ALGÉRIE
10/07/2019 11h:54 CET | Actualisé 10/07/2019 11h:58 CET

Les avocats boycottent la chambre d'accusation dans les affaires Bourregâa et les manifestants détenus (Vidéos)

Zohra Bensemra / Reuters

Les avocats ont décidé aujourd’hui , 10 juillet, de boycotter la chambre d’accusation de la cour d’Alger dans l’affaire des manifestants détenus mais aussi celle du commandant Lakhdar Bourregâa.

Selon Aouicha Bekhti, représentante du réseau national contre la répression, “la décision de maintien de tous les détenus en prison est politique et la solution ne peut être que politique.”
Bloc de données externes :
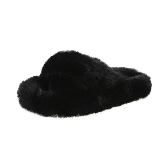 Plus Size New Style Of Autumn And Winter Korean Style All-Match Outer Wear Flat Bottom Fashionable Hairy Women's Slippers
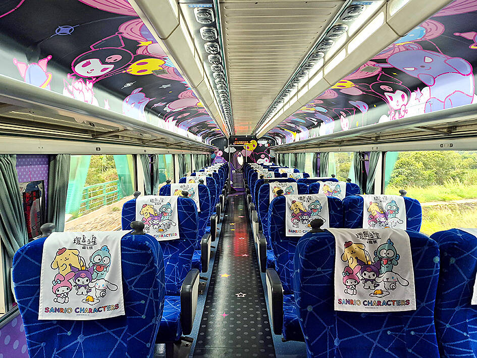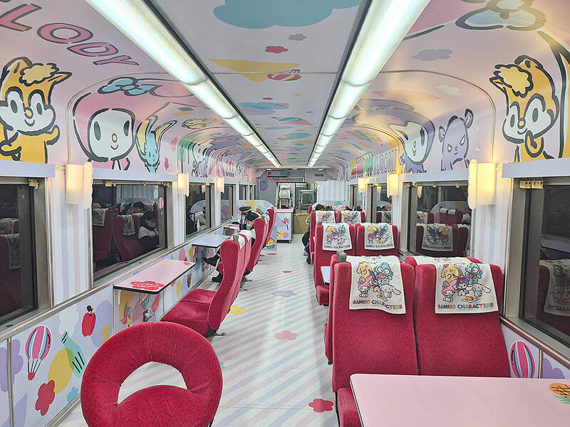 The passenger cars are each themed according to a different Sanrio character. Bright colors cover the floor, walls, seats and ceilings, in a style you might call either gaudy or cute, depending on how much of a Sanrio fan you are. There are only three seats per row — two on one side and one on the other — and there was enough room to fully extend my legs. Essentially, every passenger is getting what would be business class seats on an ordinary TR train.
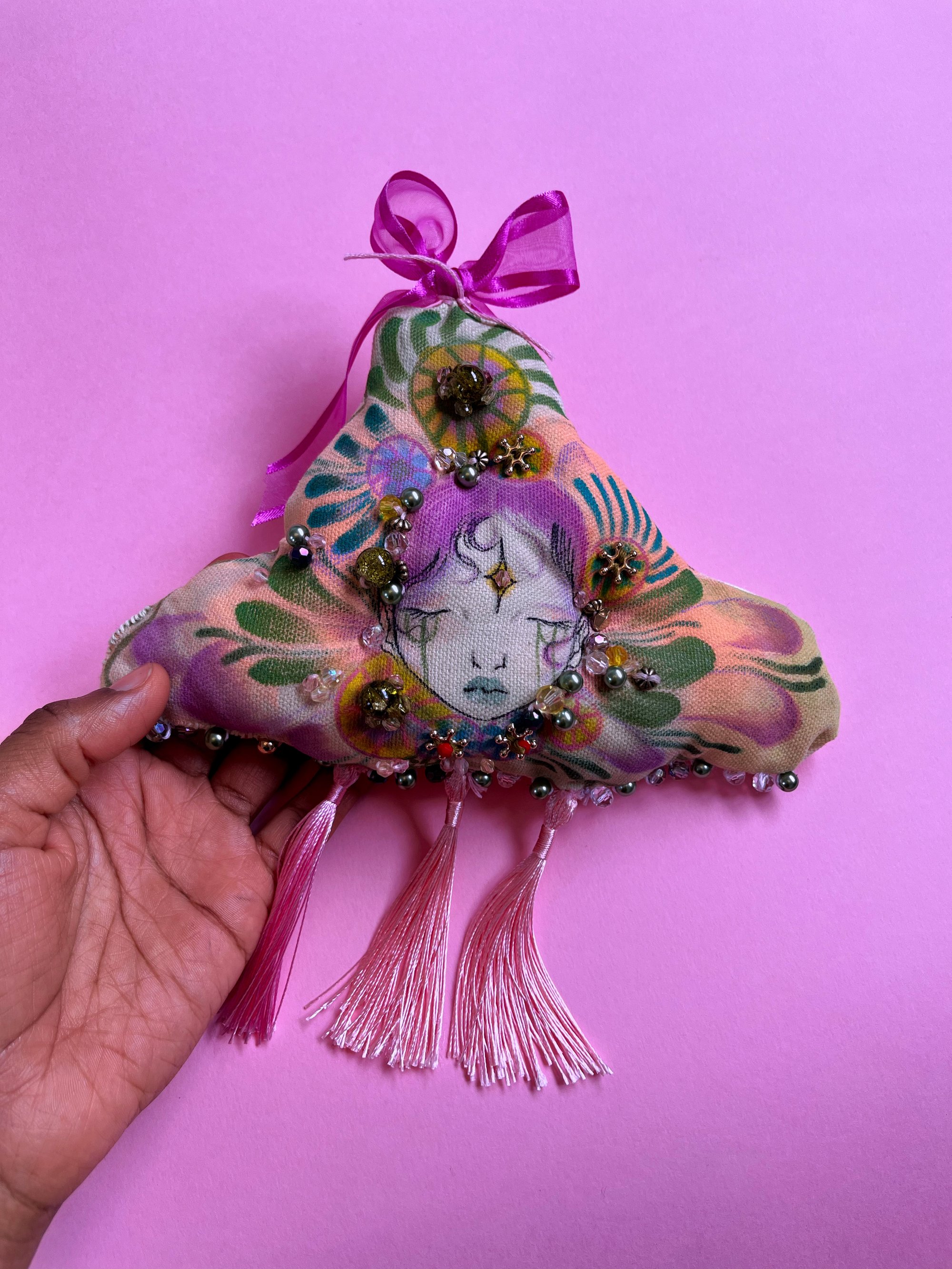 This lovely little piece is made with canvas fabric, alcohol markers, beads and embroidery ✨❤️
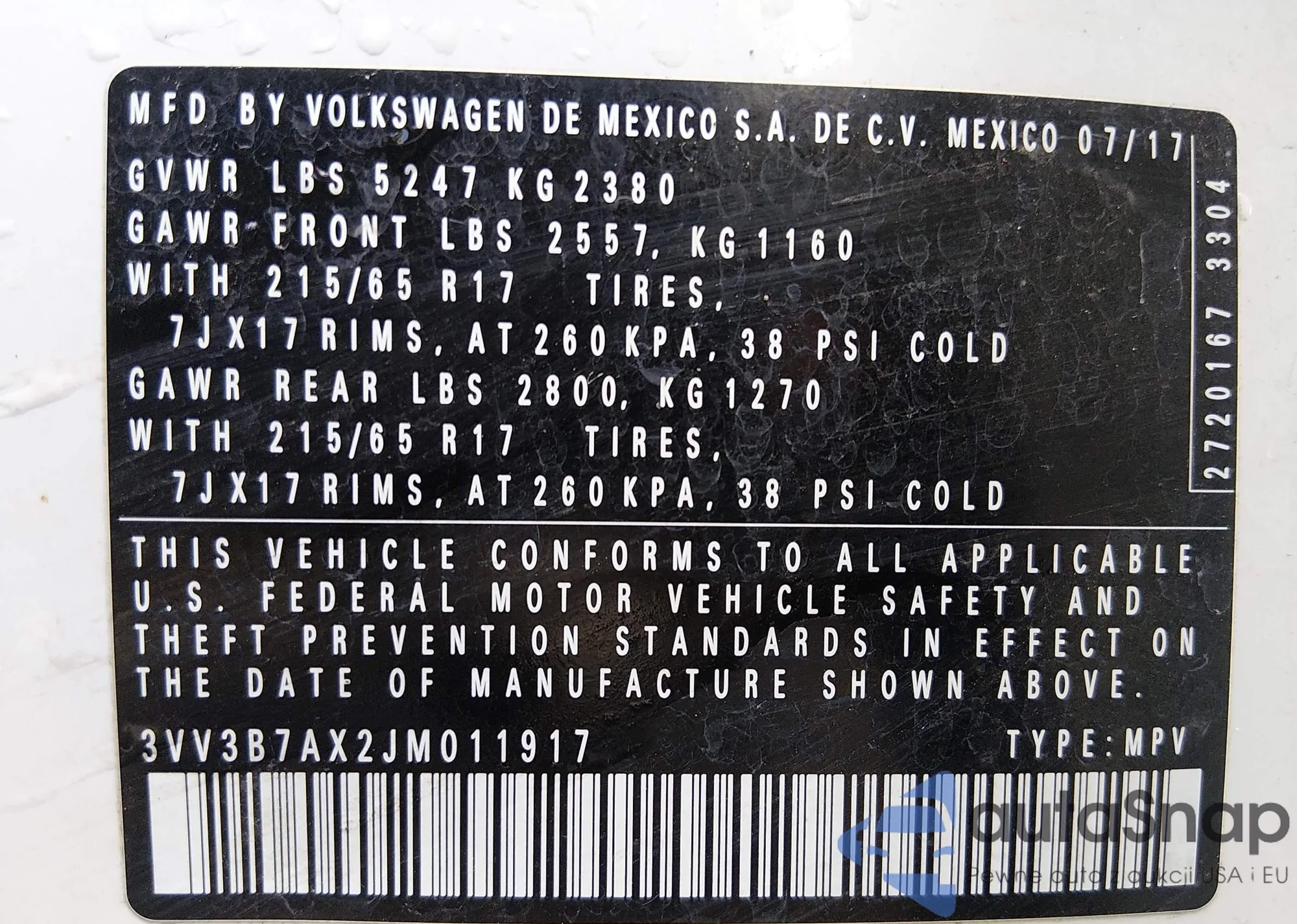 Samochód Volkswagen Tiguan 2018 (VIN 3VV3B7AX2JM011917) nie był wcześniej licytowany. Dokumenty są czyste, przebieg odpowiada lub jest niższy niż średnia rynku. Sprzedaje go firma ubezpieczeniowa – polecamy zakup. Dostawa do portu zajmie ok. 6–8 tygodni.
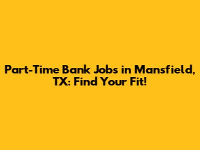 Exploring Part-Time Bank Job Opportunities in Mansfield, TX
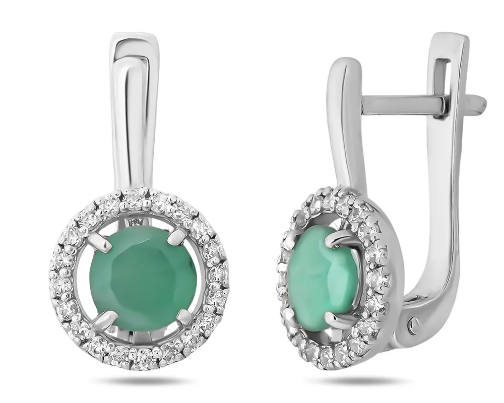 Вставка: Изумруд берилл Производство: Россия Покрытие: Родирование Ячейка: 1.A.04.03 Стиль: Английский замок Количество: 2 Серьги, арт.657443 Серебро Серебро 925, 3,58 гр., изумруд берилл Комментарии к товару
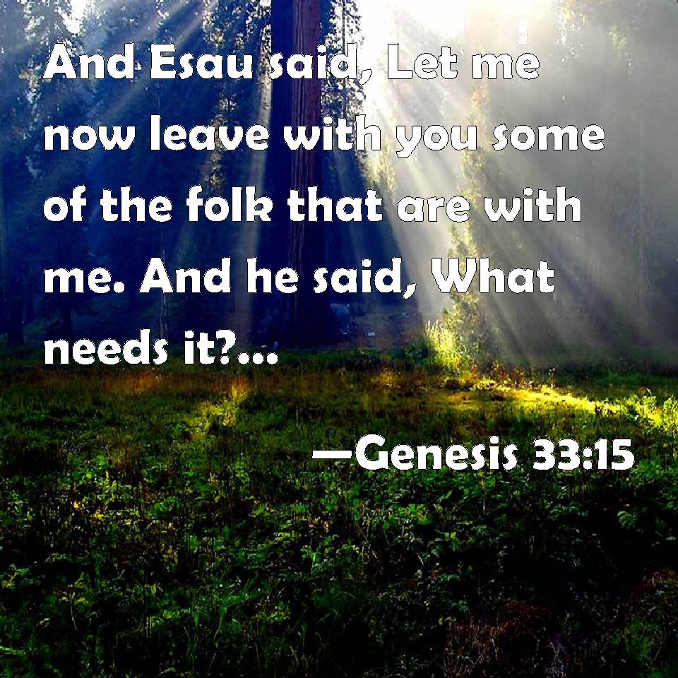Choose a Background Genesis 33:15 And Esau said, Let me now leave with you some of the folk that are with me. And he said, What needs it? let me find grace in the sight of my lord. KJV: And Esau said, Let me now leave with thee some of the folk that are with me. And he said, What needeth it? let me find grace in the sight of my lord. DRB: Esau answered: I beseech thee, that some of the people at least, who are with me, may stay to accompany thee in the way. And he said: There is no necessity: I want nothing else but only to find favor, my lord, in thy sight. DBT: And Esau said, Let me now leave with thee some of the people that are with me. And he said, What need? Let me find favour in the eyes of my lord. ERV: And Esau said, Let me now leave with thee some of the folk that are with me. And he said, What needeth it? let me find grace in the sight of my lord. WBT: And Esau said, Let me now leave with thee some of the people that are with me: And he said, What needeth it? Let me find grace in the sight of my lord. WEB: Esau said, "Let me now leave with you some of the folk who are with me." He said, "Why? Let me find favor in the sight of my lord." YLT: And Esau saith, 'Let me, I pray thee, place with thee some of the people who are with me;' and he said, 'Why is this? I find grace in the eyes of my lord.'Links Genesis 33:15 NIV • Genesis 33:15 NLT • Genesis 33:15 ESV • Genesis 33:15 NASB • Genesis 33:15 KJV • Genesis 33:15 Interlinear • Genesis 33:15 Commentaries • Genesis 33:15 Parallel Texts • Genesis 33:15 Bible Apps • Genesis 33:15 Parallel • Bible Hub |
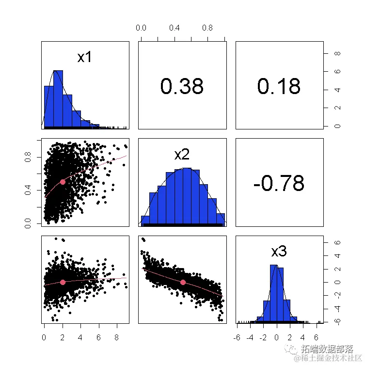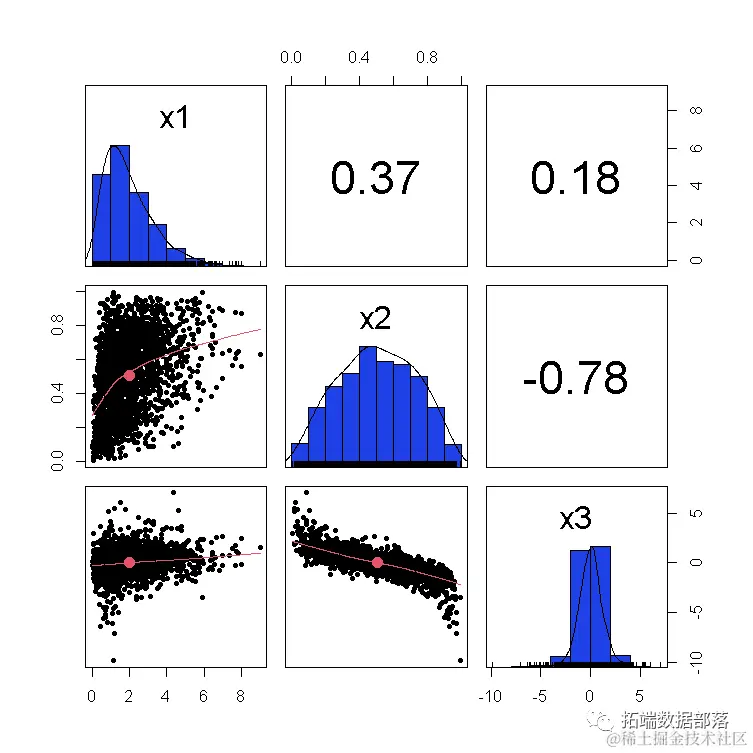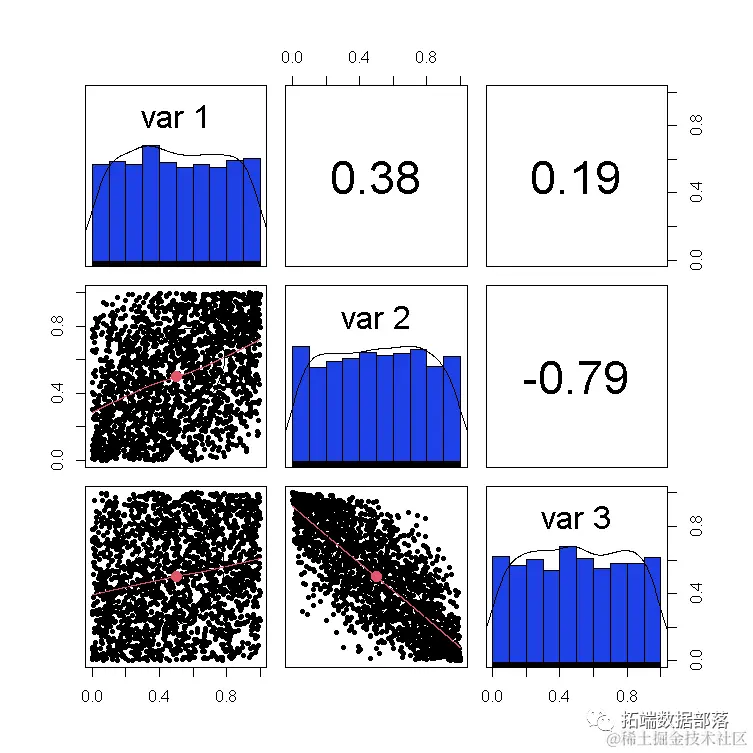 现在我们已经通过copula(普通copula)指定了相依结构并设置了边缘,mvdc()函数生成了所需的分布。然后我们可以使用rmvdc()函数生成随机样本。
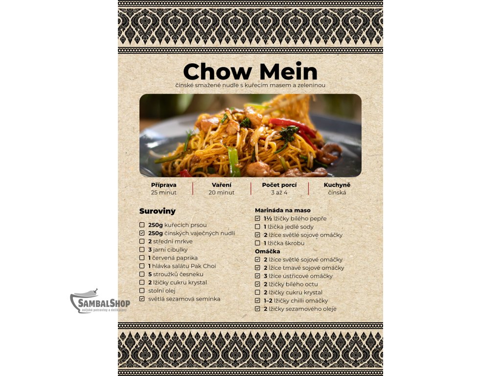 Představujeme vám profesionálně zpracovaný tištěný recept na přípravu tradičního čínského pokrmu Chow Mein. Tyto smažené nudle s křupavou zeleninou a masem patří mezi nejoblíbenější speciality čínské kuchyně a vynikají svojí dokonalou kombinací textur a chutí, které vytváří harmonický a sytý pokrm ideální pro každou příležitost.
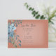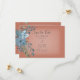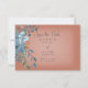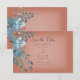 Este casamento salve o cartão de data design apresenta belos florais de cor de ferrugem laranja azul e queimada em um retângulo branco suave colocado sobre fundo de ferrugem laranja queimado. Mole e delicada; perfeita para qualquer estação. Criado pela imprensa simplesmente de farmácia.
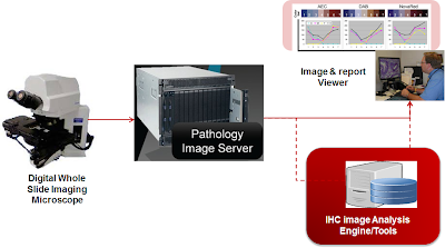 The image analysis batch process will access the image and perform the analysis. the analysis will be performed for the marked ROIs. algorithm will count the specific Biomarker from the image and store the report in the LMS. Finally the pathologist can access the report and perform the diagnosis/prognosis. Typically the image analysis is a time consuming process due to large image size. Hence very high end systems are required to perform the activity. IHC test results are most reliable for fresh or frozen tissue samples. IHC tends to be an unreliable test for tissue that’s preserved in wax or other chemicals. Many IHC analysis process conforms to CPT codes for computer-aided quantification of prognostic markers which will increase reimbursement opportunities. Examples of IHC scoring tools are
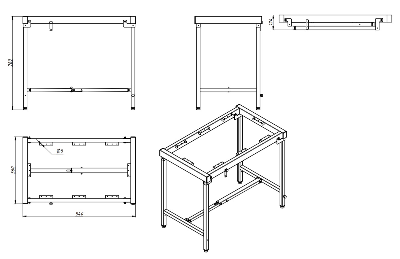 5. Перевернуть собранный каркас стола и поставить его на ножки.
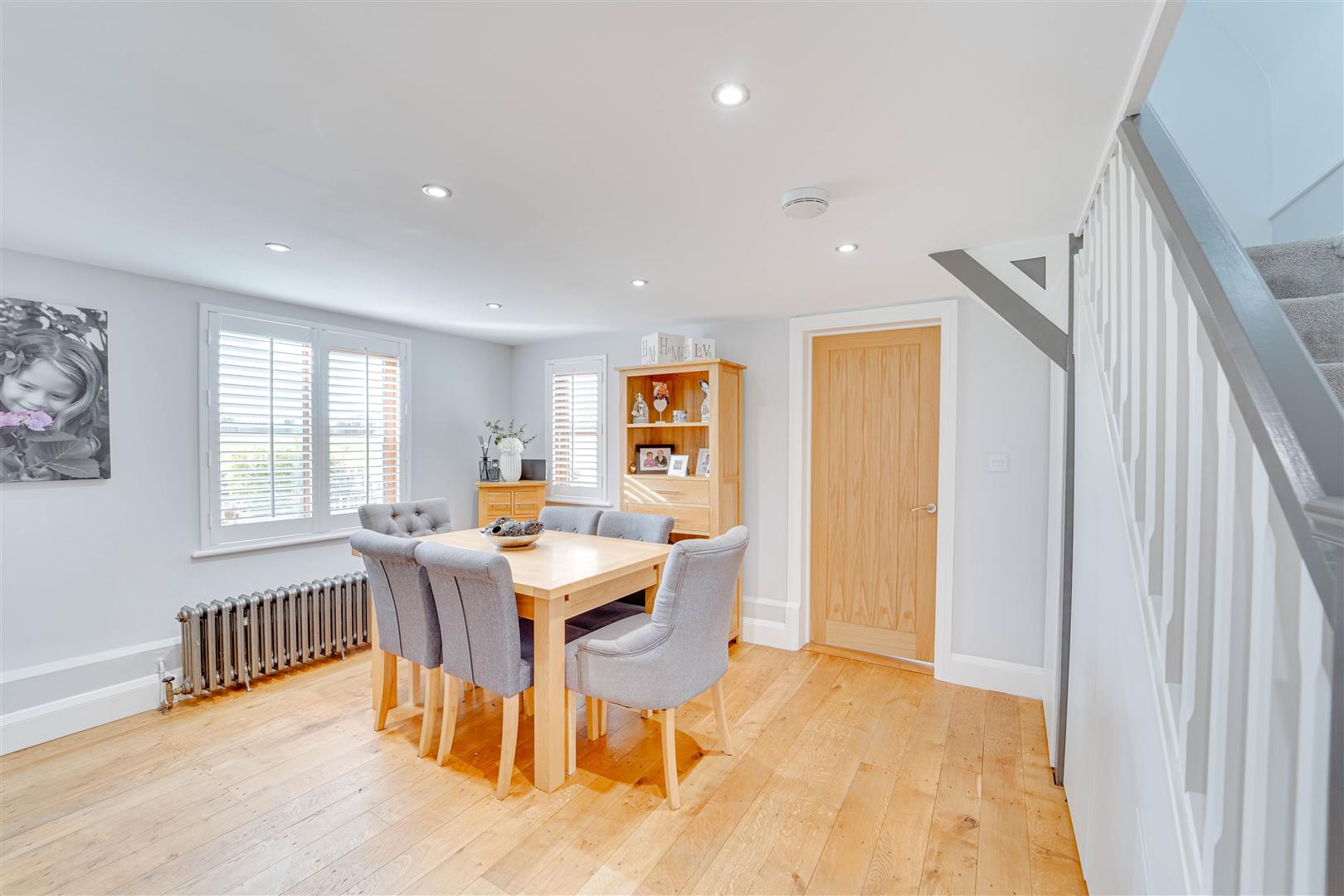 Laid wooden flooring, radiator, staircase rising to the first floor with storage under, windows to the front and side aspect.
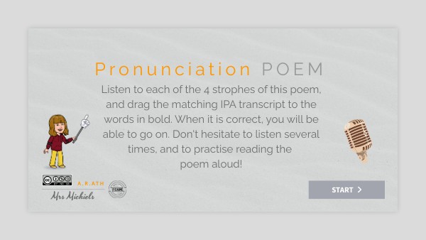 Listen to each of the 4 strophes of this poem, and drag the matching IPA transcript to the words in bold. When it is correct, you will be able to go on. Don't hesitate to listen several times, and to practise reading the poem aloud!
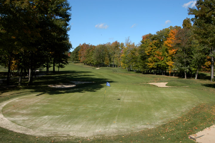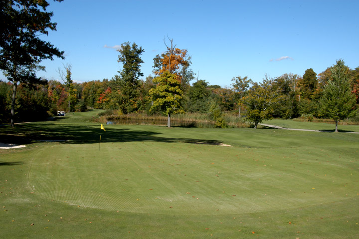 (begins on left side at 85yd CG) to a 21yd deep by 33yd wide green. Left 1/4 is raised causing a
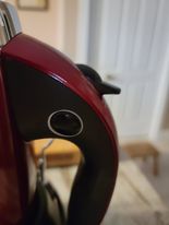 There are 2 buttons on my beautiful new mixer, as you can see – one on the top of the handle and one on the side.
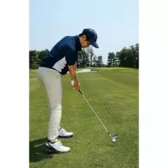 ダウンブローのスイングをマスターするにはアドレスの姿勢も重要です。一番のポイントは骨盤を前傾させること。体重を左右均等に乗せて自然体に近い体勢になり、お尻を少し持ち上げて胸を下に向けるイメージで腰のツケ根から上体を折り曲げて前傾姿勢をつくりましょう。

La chambre d’accusation avait refusé dimanche l’appel du mandat de dépôt introduit par les avocats. Un refus qui indique, selon Me Aouicha Bekhti, que “les décisions sont déjà prises à l’avance. Cela ne sert à rien de mener un débat juridiques pour des délits d’opinion”.   

Me Nourredine Benisaad, a indiqué, de son côté, au Huffpost Algérie, que les avocats ont décidé à l’unanimité de boycotter ces audiences car la mise en détention de ces personnes et les poursuites engagées contre eux n’ont “aucun fondement légal”. Le principe légal est “pas de peine sans texte”.

 

Pour Bouregâa, il est derrière les barreaux, explique Me Benissad,  “pour avoir exprimé une opinion politique”. 

Il avait précisé que plus de 200 avocats sont venus bénévolement pour se constituer dans ces affaires de libertés aussi bien pour les manifestants qui portaient le drapeau amazigh que pour l’affaire du Cdt Lakhdar Bourregâa. Constatant que “l’ambiance n’était pas à l’argumentaire juridique, ils ont décidé de boycotter ces audiences”.